** Exercise material follows **
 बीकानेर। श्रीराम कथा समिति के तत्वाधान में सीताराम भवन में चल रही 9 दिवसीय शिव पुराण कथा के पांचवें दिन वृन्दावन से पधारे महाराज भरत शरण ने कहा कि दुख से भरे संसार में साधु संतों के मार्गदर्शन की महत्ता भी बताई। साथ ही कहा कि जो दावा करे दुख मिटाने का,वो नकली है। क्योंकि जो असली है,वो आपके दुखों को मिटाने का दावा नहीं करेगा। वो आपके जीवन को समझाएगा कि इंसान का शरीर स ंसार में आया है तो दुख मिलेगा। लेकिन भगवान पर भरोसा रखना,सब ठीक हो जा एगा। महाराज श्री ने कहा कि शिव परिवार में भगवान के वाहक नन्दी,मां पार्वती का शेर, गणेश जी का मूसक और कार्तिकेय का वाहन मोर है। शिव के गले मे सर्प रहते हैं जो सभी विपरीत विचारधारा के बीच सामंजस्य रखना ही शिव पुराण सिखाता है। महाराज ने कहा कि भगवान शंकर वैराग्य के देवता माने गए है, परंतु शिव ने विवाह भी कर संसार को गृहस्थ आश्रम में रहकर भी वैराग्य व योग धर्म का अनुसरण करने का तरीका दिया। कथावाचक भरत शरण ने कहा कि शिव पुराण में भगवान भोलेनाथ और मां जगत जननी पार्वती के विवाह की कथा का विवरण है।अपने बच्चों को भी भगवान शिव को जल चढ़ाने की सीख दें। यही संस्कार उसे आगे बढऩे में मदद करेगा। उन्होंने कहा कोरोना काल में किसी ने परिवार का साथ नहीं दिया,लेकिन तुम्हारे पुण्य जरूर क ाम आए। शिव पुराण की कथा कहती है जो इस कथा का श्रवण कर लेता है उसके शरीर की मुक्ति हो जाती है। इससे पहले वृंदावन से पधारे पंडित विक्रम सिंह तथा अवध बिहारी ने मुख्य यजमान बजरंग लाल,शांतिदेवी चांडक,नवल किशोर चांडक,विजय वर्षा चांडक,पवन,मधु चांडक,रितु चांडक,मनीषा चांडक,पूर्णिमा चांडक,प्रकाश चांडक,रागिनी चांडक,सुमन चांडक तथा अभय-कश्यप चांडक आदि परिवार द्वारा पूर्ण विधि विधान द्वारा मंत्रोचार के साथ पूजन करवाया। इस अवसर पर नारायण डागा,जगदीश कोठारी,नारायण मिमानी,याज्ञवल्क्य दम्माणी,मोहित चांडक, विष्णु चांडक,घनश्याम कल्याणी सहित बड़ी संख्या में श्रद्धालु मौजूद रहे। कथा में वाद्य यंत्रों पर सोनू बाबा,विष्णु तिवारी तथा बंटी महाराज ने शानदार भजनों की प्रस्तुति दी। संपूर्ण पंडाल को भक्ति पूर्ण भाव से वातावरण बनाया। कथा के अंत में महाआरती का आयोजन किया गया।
** End of Exercise material **
** Exercise material follows **
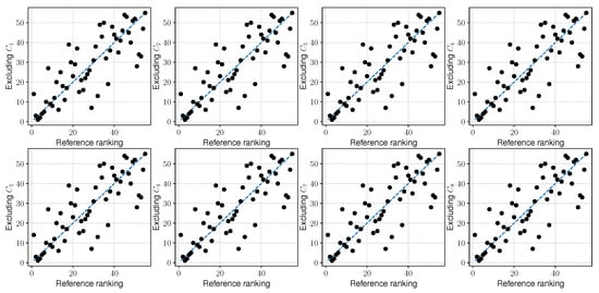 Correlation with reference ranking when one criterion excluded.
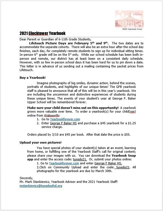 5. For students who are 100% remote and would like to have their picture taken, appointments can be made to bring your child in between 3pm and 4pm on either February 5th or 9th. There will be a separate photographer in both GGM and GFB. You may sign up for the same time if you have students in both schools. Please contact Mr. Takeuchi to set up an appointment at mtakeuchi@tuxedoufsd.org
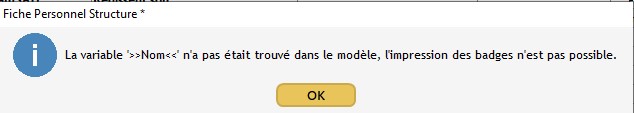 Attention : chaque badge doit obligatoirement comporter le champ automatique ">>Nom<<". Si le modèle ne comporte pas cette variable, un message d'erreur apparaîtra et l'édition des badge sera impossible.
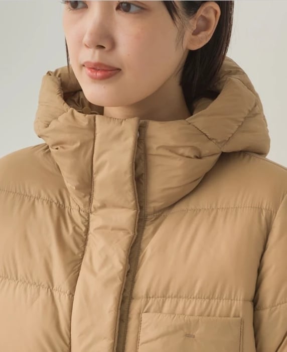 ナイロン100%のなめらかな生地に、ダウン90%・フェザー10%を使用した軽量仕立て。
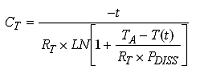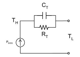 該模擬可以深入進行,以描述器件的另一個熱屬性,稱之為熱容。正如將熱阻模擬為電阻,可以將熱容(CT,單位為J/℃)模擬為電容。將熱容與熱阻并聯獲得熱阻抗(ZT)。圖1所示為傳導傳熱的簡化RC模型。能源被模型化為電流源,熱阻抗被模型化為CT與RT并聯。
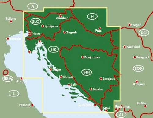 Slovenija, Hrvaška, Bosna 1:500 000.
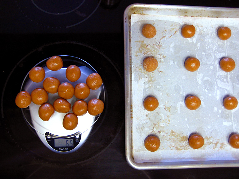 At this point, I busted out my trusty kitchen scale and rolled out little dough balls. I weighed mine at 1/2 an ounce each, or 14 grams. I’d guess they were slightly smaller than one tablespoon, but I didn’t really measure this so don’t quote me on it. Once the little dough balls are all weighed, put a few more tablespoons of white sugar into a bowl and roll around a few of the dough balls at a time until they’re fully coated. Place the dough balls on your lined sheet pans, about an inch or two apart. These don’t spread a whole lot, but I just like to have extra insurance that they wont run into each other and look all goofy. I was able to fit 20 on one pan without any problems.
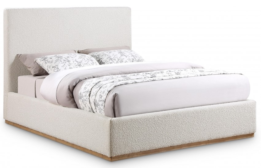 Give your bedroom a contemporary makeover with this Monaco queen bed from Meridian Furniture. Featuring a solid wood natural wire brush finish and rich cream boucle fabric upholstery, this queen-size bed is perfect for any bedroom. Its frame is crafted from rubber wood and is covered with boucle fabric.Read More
** End of Exercise material **
• **Assigned task**
Although pictures appear among the records above, write out exactly only the lines from the one that has "該模擬可以深入進行,以描述器" through the one that has "Slovenija, Hrvaška, Bosna 1:500 000.", and leave the pictures out.

• **Solution to the exercise**
 該模擬可以深入進行,以描述器件的另一個熱屬性,稱之為熱容。正如將熱阻模擬為電阻,可以將熱容(CT,單位為J/℃)模擬為電容。將熱容與熱阻并聯獲得熱阻抗(ZT)。圖1所示為傳導傳熱的簡化RC模型。能源被模型化為電流源,熱阻抗被模型化為CT與RT并聯。
 Slovenija, Hrvaška, Bosna 1:500 000.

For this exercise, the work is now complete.